Ah you mean static const for the size, not for the array. That would work.

> In doubt 
> you could avoid the variable and use  "sizeof(hash) * 2" two times 
> where we need it.
> 
>>> 2. The macro PRIxMAX is the same as "%jx". I've choosed the macro
>>> because it should be compatible to Visual Studio >=2013 while "%jx"
>>> would need Visual Studio >=2015. Moreover when using incompatible
>>> compilers the macro would give an error at compile time rather
>>> than "%jx" would just crash at runtime.
>> 
>> What's wring with %lx ?
> 
> %lx is for long but Py_hash_t can be longer.

Can it ? Py_hash_t is defined to be the same as Py_ssize_t. What's its size ?

> %jx/PRIxMAX  is the biggest 
> possible for uintmax_t.

Is that bigger than unsigned long ?

Ok, I think the time has come to see if this function can be removed altogether... let me see...

Andi..

> 
> cu,
> Rudi


Re: python 3 support is checked into trunk

Posted by Ruediger Meier <sw...@gmx.de>.
On Monday 20 March 2017, Andi Vajda wrote:
> > On Mar 20, 2017, at 05:16, Ruediger Meier <sw...@gmx.de> wrote:
> >> On Monday 20 March 2017, Andi Vajda wrote:
> >>
> >> On Mon, 20 Mar 2017, Ruediger Meier wrote:
> >>>> Someone with access to Windows, please help test/fix/finish
> >>>> support for Python 3 on Windows, both with the MSVC and Mingw
> >>>> compilers. I have no access to Windows anymore.
> >>>
> >>> I know already about one MSVC issue:
> >>> https://github.com/rudimeier/jcc/issues/1
> >>>
> >>> probably fixed by
> >>> https://github.com/rudimeier/jcc/commit/764ed0dc1f77c68e4a6998688
> >>>d2 e8340704fd237 (But this fix is also not tested yet.)
> >>
> >> I changed strhash to use Py_hash_t.
> >
> > This is now wrong and I could reproduce a segfault on OSX 10.11,
> > xcode 8. The buffersize "hexdig + 1" has to match the type we are
> > printing. We can't calculate the size from Py_hash_t but print
> > ulong.
>
> Ah yes, good point. Sorry for the mess up.
>
> > Most safely and without precision loss we could do it like the
> > patch below.
> >
> > Notes:
> > 1. "static const" was required to actually fix MSVC's VLA issue.
>
> Yes, but that's not reentrant, thus we need to switch back to a
> constant size for the array, like [20] we ad before, or [40] now.

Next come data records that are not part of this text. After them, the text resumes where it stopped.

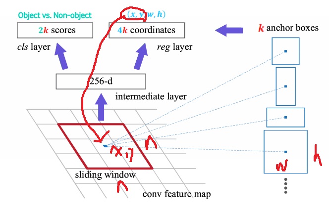 각 중앙 포지션마다 n*n spatial feature map을 sliding window 시키면서 1개의 지점마다 k개의 anchor box를 생성
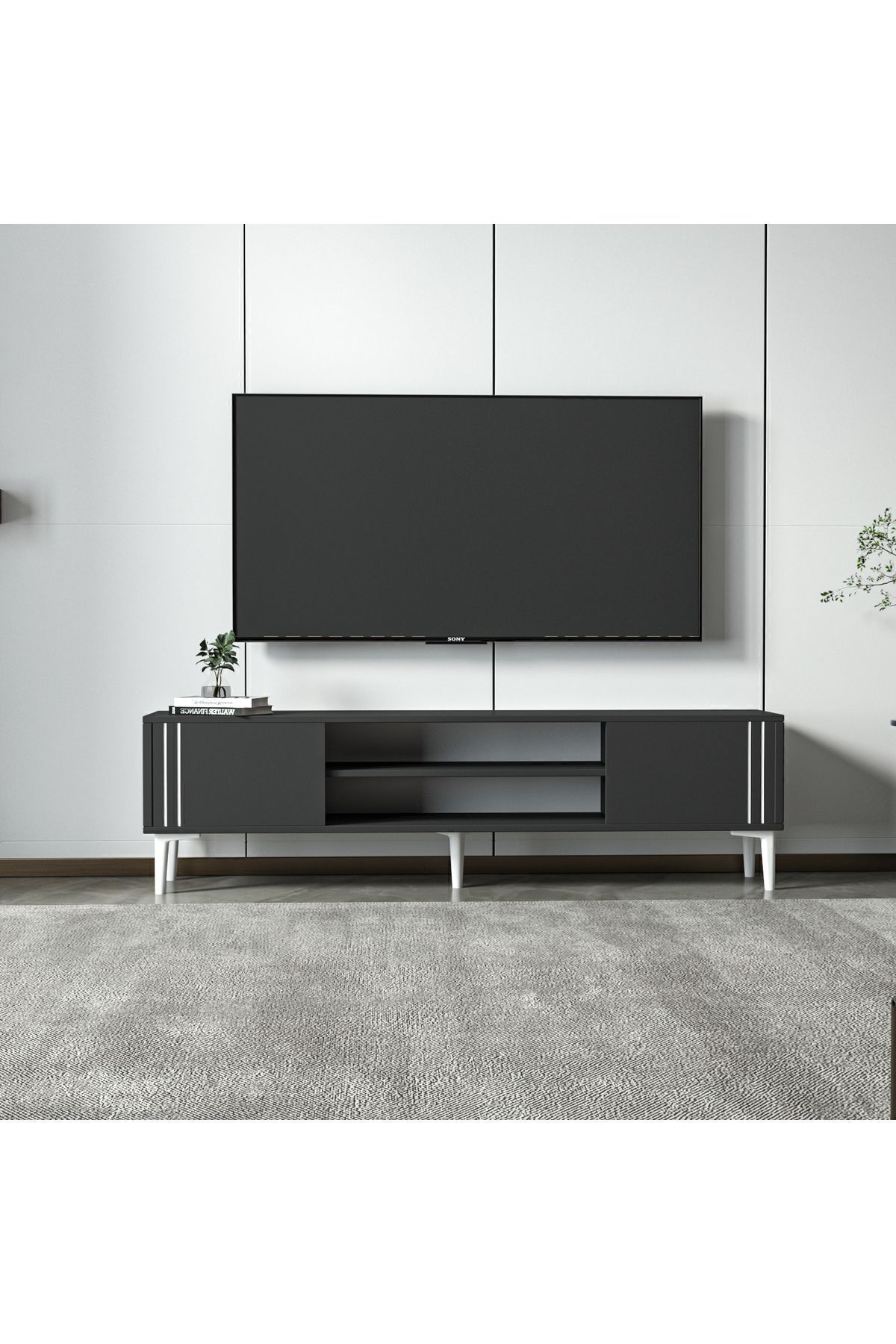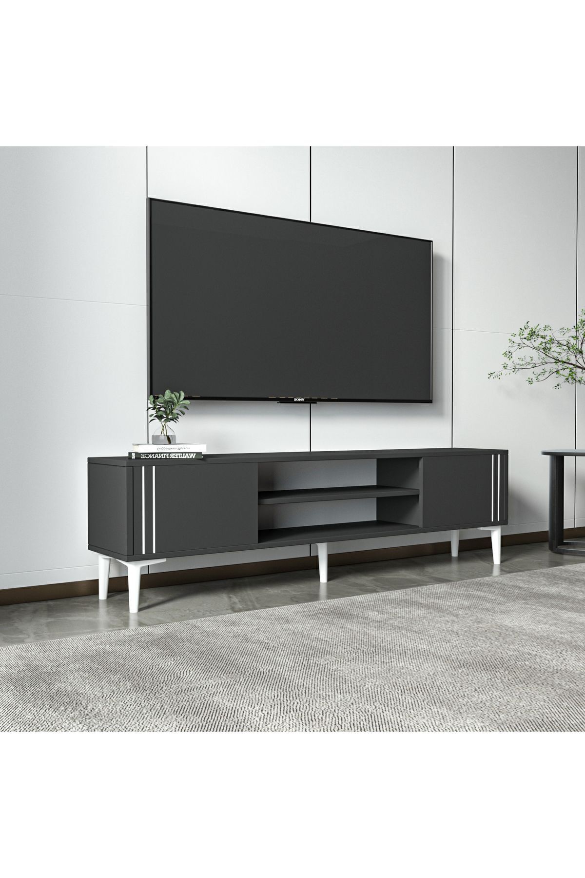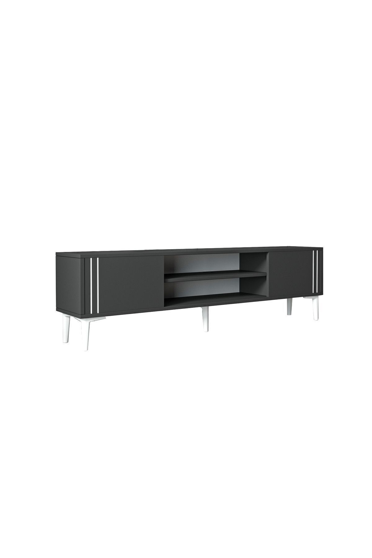 İki kapaklı dolap alanı ve geniş açık raflarıyla medya ekipmanlarınızı, kitaplarınızı ve dekoratif objelerinizi düzenli bir şekilde sergileyebilirsiniz. Dayanıklı 18 mm melamin kaplı yonga levhadan üretilmiş olup, E1 sertifikalı çevre dostu yapısıyla uzun ömürlü ve sağlıklı bir kullanım sunar.
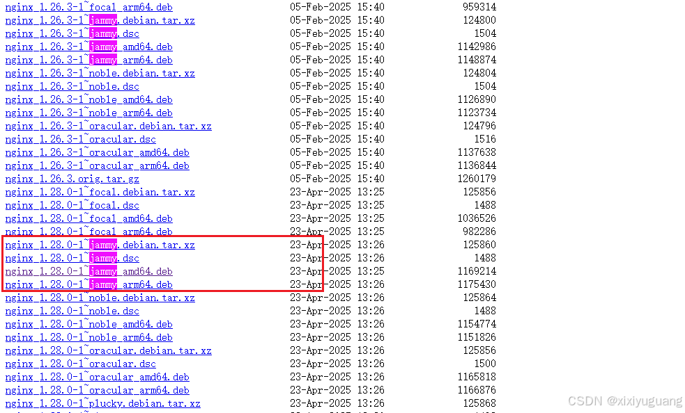 打开 https://nginx.org/packages/ubuntu/pool/nginx/n/nginx/,选择jammy版本、对应架构(amd64/arm64)的 deb 包;

Not reentrant? static const should be as good as a #define IMO. In doubt 
you could avoid the variable and use  "sizeof(hash) * 2" two times 
where we need it.

> > 2. The macro PRIxMAX is the same as "%jx". I've choosed the macro
> > because it should be compatible to Visual Studio >=2013 while "%jx"
> > would need Visual Studio >=2015. Moreover when using incompatible
> > compilers the macro would give an error at compile time rather
> > than "%jx" would just crash at runtime.
>
> What's wring with %lx ?

%lx is for long but Py_hash_t can be longer. %jx/PRIxMAX  is the biggest 
possible for uintmax_t.

cu,
Rudi

Re: python 3 support is checked into trunk

Posted by Andi Vajda <va...@apache.org>.
> On Mar 20, 2017, at 05:16, Ruediger Meier <sw...@gmx.de> wrote:
> 
>> On Monday 20 March 2017, Andi Vajda wrote:
>> On Mon, 20 Mar 2017, Ruediger Meier wrote:
> 
>>>> Someone with access to Windows, please help test/fix/finish
>>>> support for Python 3 on Windows, both with the MSVC and Mingw
>>>> compilers. I have no access to Windows anymore.
>>> 
>>> I know already about one MSVC issue:
>>> https://github.com/rudimeier/jcc/issues/1
>>> 
>>> probably fixed by
>>> https://github.com/rudimeier/jcc/commit/764ed0dc1f77c68e4a6998688d2
>>> e8340704fd237 (But this fix is also not tested yet.)
>> 
>> I changed strhash to use Py_hash_t.
> 
> This is now wrong and I could reproduce a segfault on OSX 10.11, xcode 
> 8. The buffersize "hexdig + 1" has to match the type we are printing. 
> We can't calculate the size from Py_hash_t but print ulong.

Ah yes, good point. Sorry for the mess up.

> 
> Most safely and without precision loss we could do it like the patch 
> below.
> 
> Notes:
> 1. "static const" was required to actually fix MSVC's VLA issue.

Yes, but that's not reentrant, thus we need to switch back to a constant size for the array, like [20] we had before, or [40] now.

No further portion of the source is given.